Searching for Hillary Clinton

Interesting Washington Post article by Sara Kehaulani Goo about the attempts to refine video searching on the web, comparing video searching to the early days of the web when text searching “was clunky and largely incomplete.” Goo notes that if you conduct a search using Hillary Clinton’s name on one of the big online video search engines, her online video announcement will not appear among the top search results. I’m generally sympathetic with the idea that we need more sophisticated video search technologies, but I’m also intrigued by the “problems” that search engines are facing in terms of video search, in part because these problems speak to important questions about how web video will be defined and what kinds of videos will be privileged.

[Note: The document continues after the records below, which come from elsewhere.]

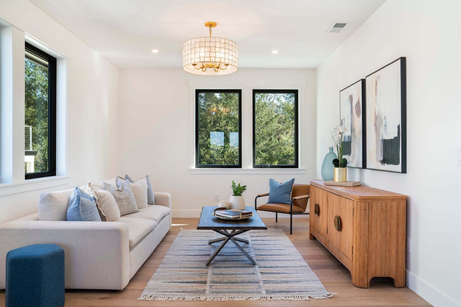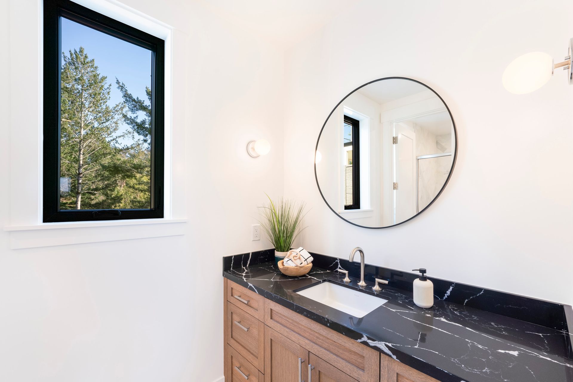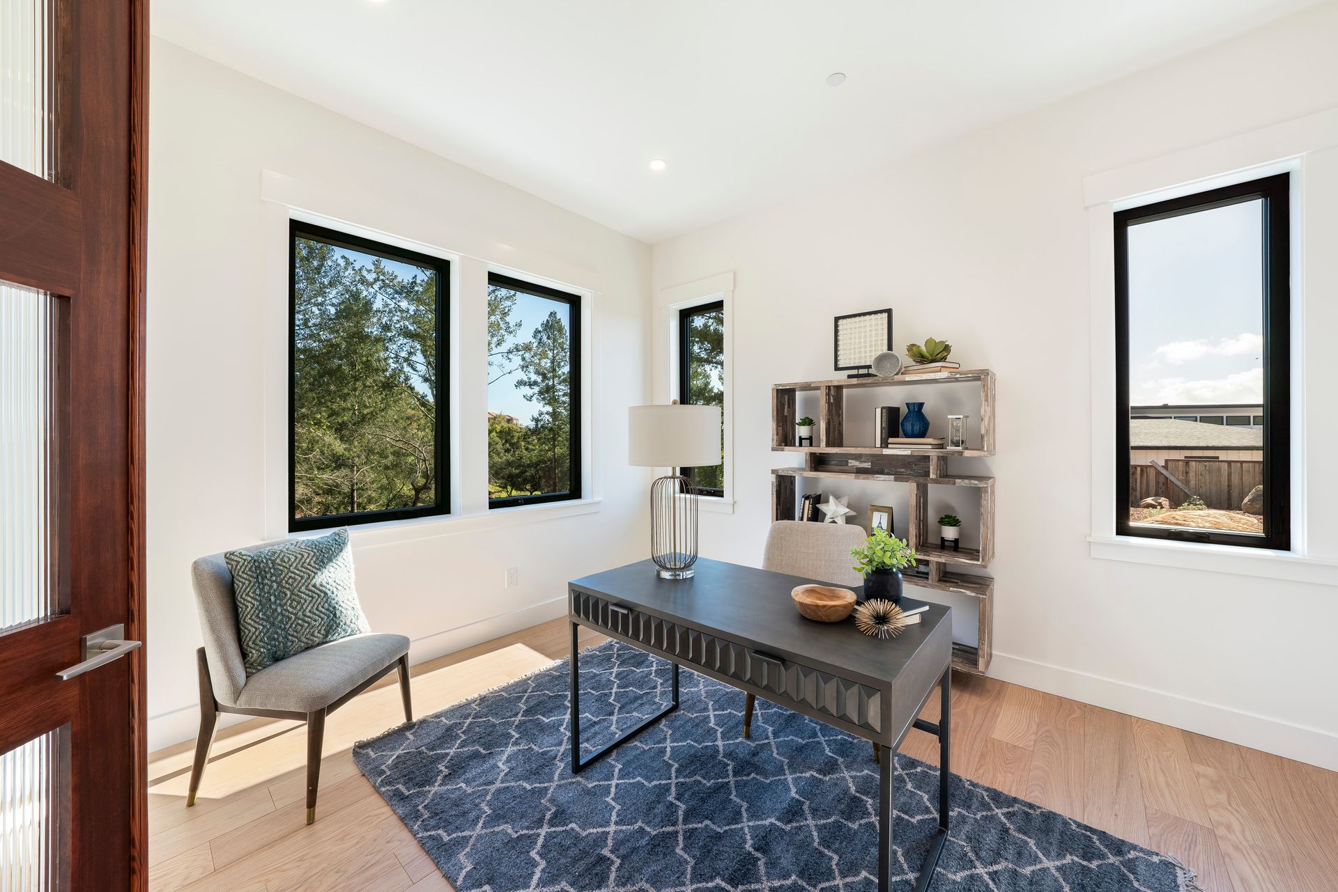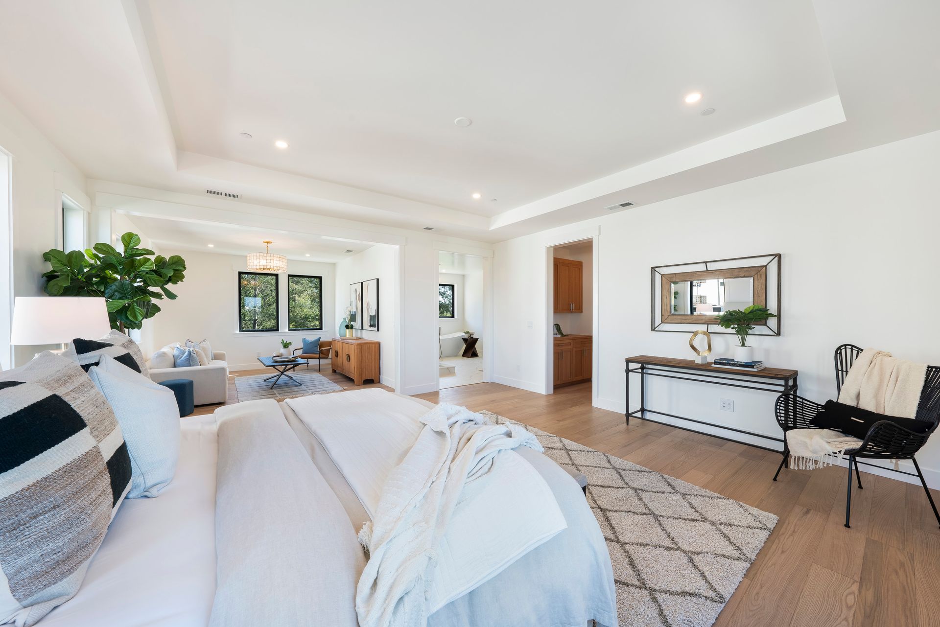 This newly constructed home in Fountaingrove sits on a generous 1/3 acre lot. Set on a peaceful cul-de-sac and backing to open space, this offers much desired privacy. The home features 5 bedrooms plus an office and 4 full bath, 1 half bath. The covered entry leads to a modern fluted glass entry door taking you to the foyer with vaulted ceiling. The open concept great room features a linear fireplace set in a feature wall of floor to ceiling quartzite slab surround and stacking sliders to the rear patio and is open to the dining and kitchen. The chef’s kitchen is accented by a large center island, Monogram appliances, and walk-in pantry. The main level includes a home office and a guest suite with sitting area and en-suite bath offering a separate entrance. The upper level consists of the primary suite with sitting area and direct access to a Juliet balcony, and the primary bath is highlighted by heated floors and an oversized shower. There are 3 additional bedrooms (1 en-suite) and a full bath on the upper level as well as a large bonus room with slider to a covered terrace. There are 2 laundry rooms, one on the main level and one on the upper level. The freshly landscaped grounds offer low maintenance and curb appeal with room for a pool. The distinctive custom home is in the heart of wine country with close proximity to wineries, fine dining and the Sonoma County Airport.
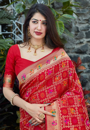 Enhance your ethnic collection with this Beautiful Red Pure Silk Saree, a timeless piece that exudes sophistication and charm. The luxurious silk fabric, rich red hue, and elegant woven detailing make it perfect for weddings, festive celebrations, and traditional occasions. Its vibrant yet graceful appeal ensures you stand out wherever you go.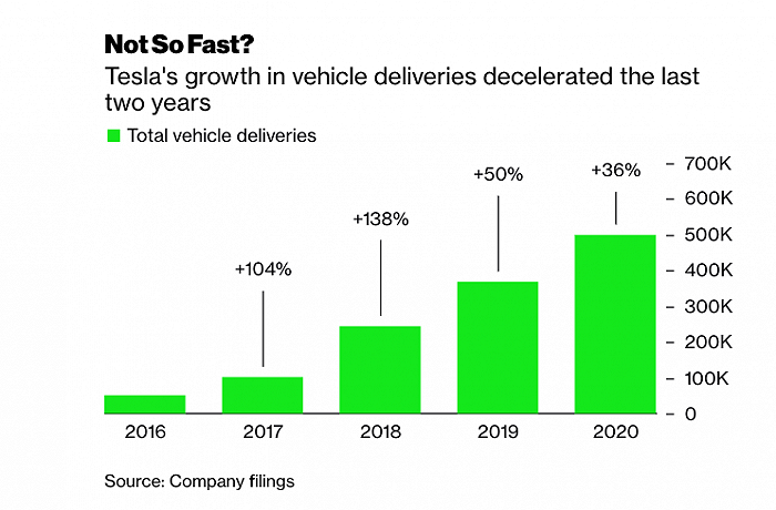 2020年,特斯拉在全球交付了近50万辆汽车,比2019年增长了36%,并公开预测未来几年“年均增长50%”。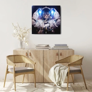 Reloj de pared - Reloj de vidrio - Un gato en un traje de astronauta con la Tierra al fondo y una luz brillante. - 30x30cm - Houston, tienes un problema. - Decoración de pared moderna para salón y dormitorio ARTTOR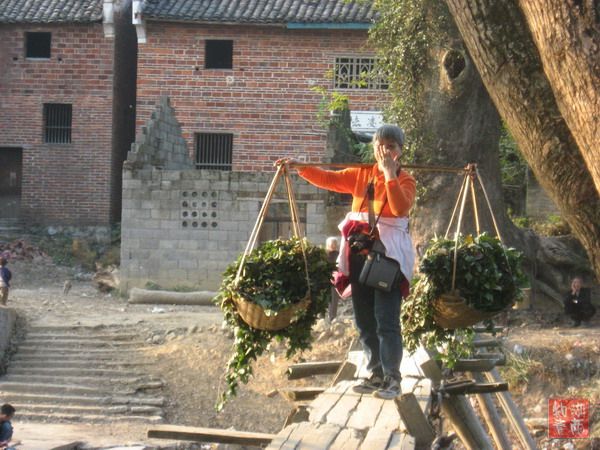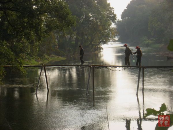 出村的小木桥,桥面只三块木板宽,厚哥牵着桢桢过桥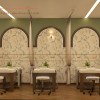 Phòng nail trong thiết kế spa Home được chúng tôi trang trí bởi nhiều khung vòm khung gỗ MDF sơn nhũ vàng, nhựa giả mây tre đan, nền tranh in Canvas được làm nổi bật bởi hệ thống đèn Led viền tạo nên điểm nhấn thu hút.
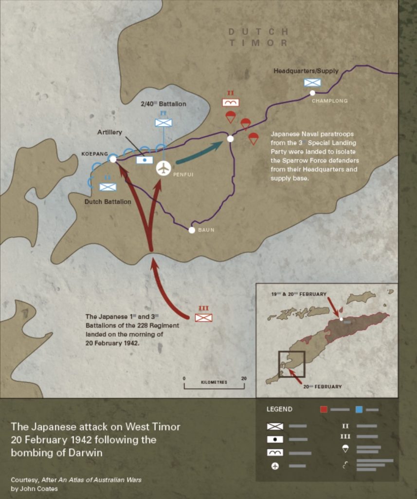 By this time, Lark Force had been overwhelmed at Rabaul and Gull Force destroyed on Ambon. Sparrow Force was now the last Australian formation standing between a Japanese force advancing south and the Australian mainland.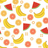 Płynna faktura. Dekoracyjny projekt tła z bananem i arbuzem owoców letnich. Kolorowy wzór wektorowy dla tekstyliów, artykułów piśmiennych, tapet, papieru pakowego, stron internetowych, albumu
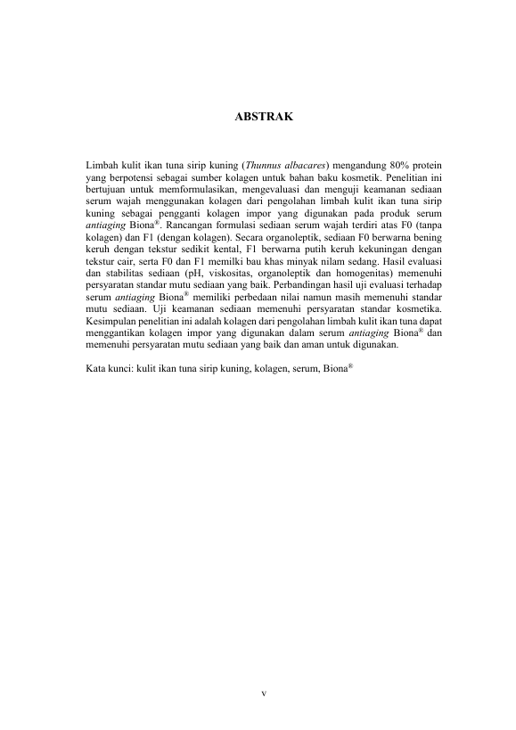 AJA SYARIFAH MUTHMAINNAH, FORMULASI DAN EVALUASI HASIL SUBTITUSI KOLAGEN PADA BIONA® SERUM ANTI-AGING DARI LIMBAH KULIT IKAN TUNA SIRIP KUNING (THUNNUS ALBACARES). Banda Aceh Fakultas MIPA Farmasi,2024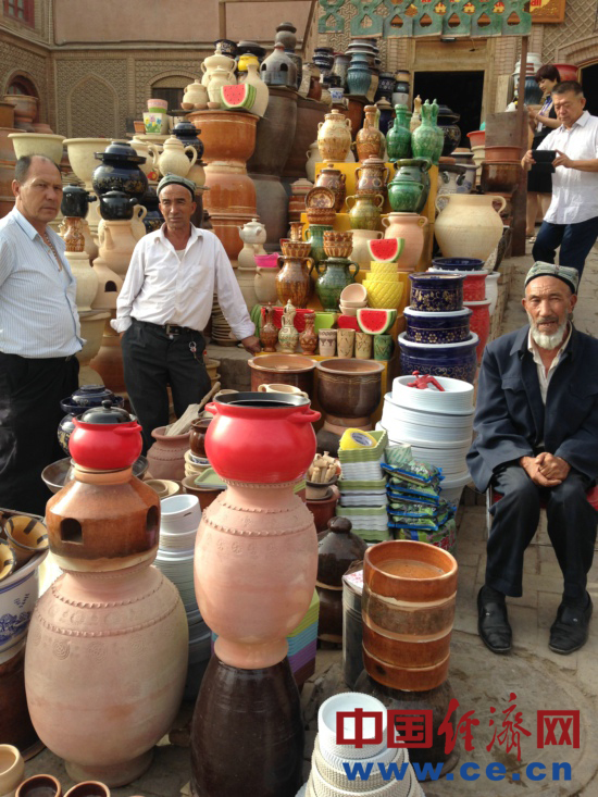 現年50歲的買買提?依明是一個土陶巴扎經營者,說起這座老城的變化,他感慨萬千:“你們猜猜這個房子有多少年了”,記者們表示不知道,“300年了,我們家在這5代人哩”,買買提?依明說,原來的房子很小,巷子也很窄,家里開了個旅舍,人多的時候還要打地鋪,生意也不好。后來房屋改造,在自家原址上蓋了新房,全家人高興得不得了,自己花了15萬裝修,整修一新的房屋讓旅舍又紅紅火火的開了起來,大兒子大學畢業后已經回來幫忙,小兒子還在重慶讀大學。依明說,當初改造的時候政府讓我們選擇,可以搬出去住樓房,也可以留在這,街坊鄰居們很少有搬走的,現在我周圍還是那些老朋友。說起自己覺得裝修貴不貴,依明說:“政府花了那么多錢給我們蓋房子,我們自己花一點也是應該的,感謝政府給我們這么好的生活。”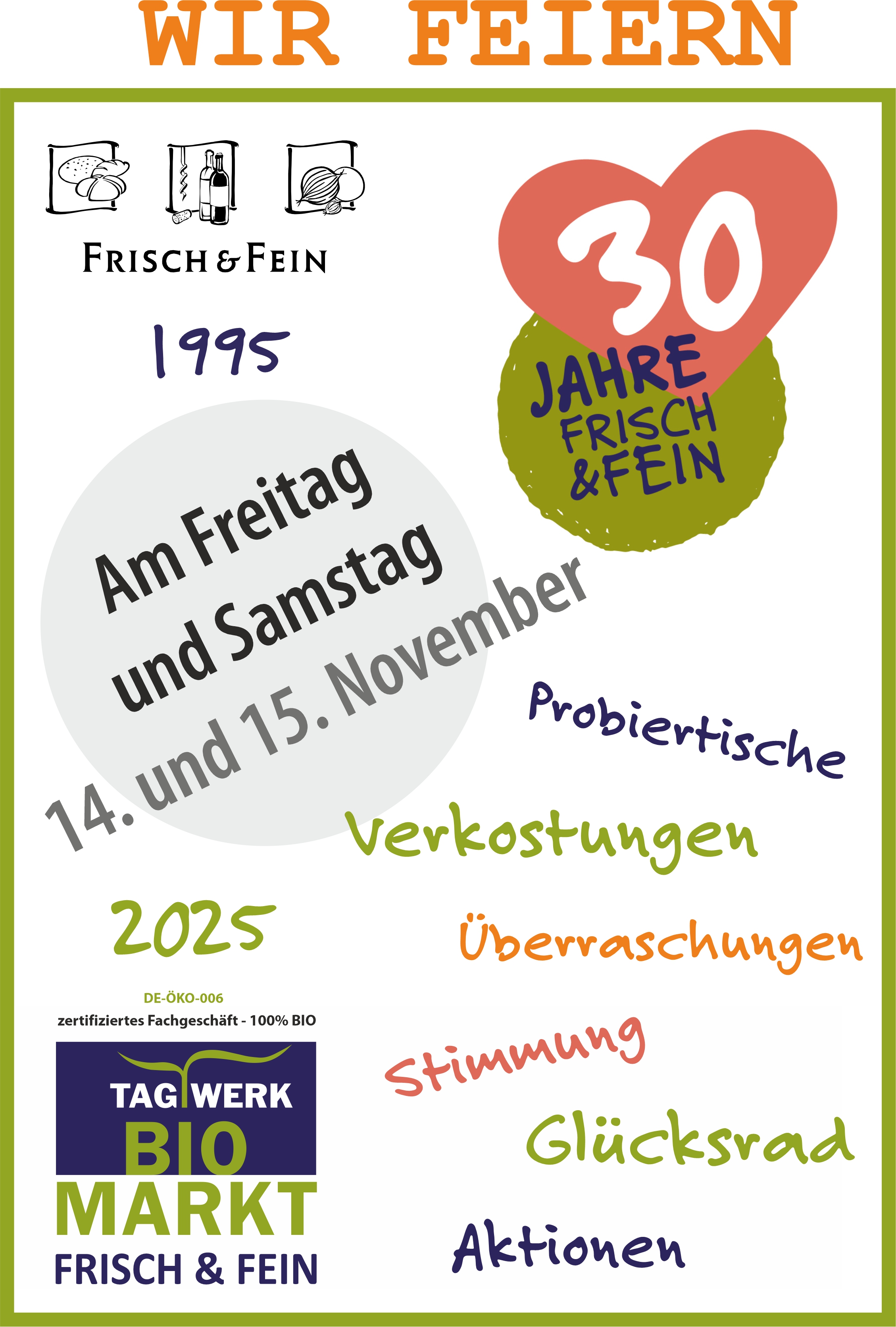 Ein Grund zu feiern ist ja immer schnell gefunden. Aber der 30. Geburtstag ist schon eine richtige Nummer. Wir bedanken uns für Ihre und Eure TREUE! Denn ohne die vielen guten Stammkunden und -kundinnen wären wir nicht so weit gekommen. Deshalb wollen wir zwei Tage lang mit vielen Verkostungsständen, Angeboten, einem Glücksrad mit vielen Gewinnen und natürlich mit viel Spaß, Freude und mit viel Zeit für Euch zusammen feiern.

I tried the same search for Hillary Clinton on YouTube and with some minor tweaks–ranking by date instead of relevance, adding another keyword–her announcement moved to the top of the listed results. But what I found instead of Clinton’s official announcement was far more interesting, in my opinion. There were already dozens of video mashups and other responses to Clinton’s announcement, many of them deconstructing the language and the camera techniques used in the announcement. Others posted homemade commercials endorsing Clinton for President. While I’m not a big fan of Senator Clinton, I’m even less of a fan of her conservative critics, but it was interesting to see their (apparently homemade) videos ranked “above” hers in the YouTube search. This is something that will no doubt be lost if the monetizing potential of web video is privileged over other criteria.

I need to get to some other writing projects right now, but I just wanted to point to the article because I think it does raise some interetsing questions that we’ll be thinking about for some time.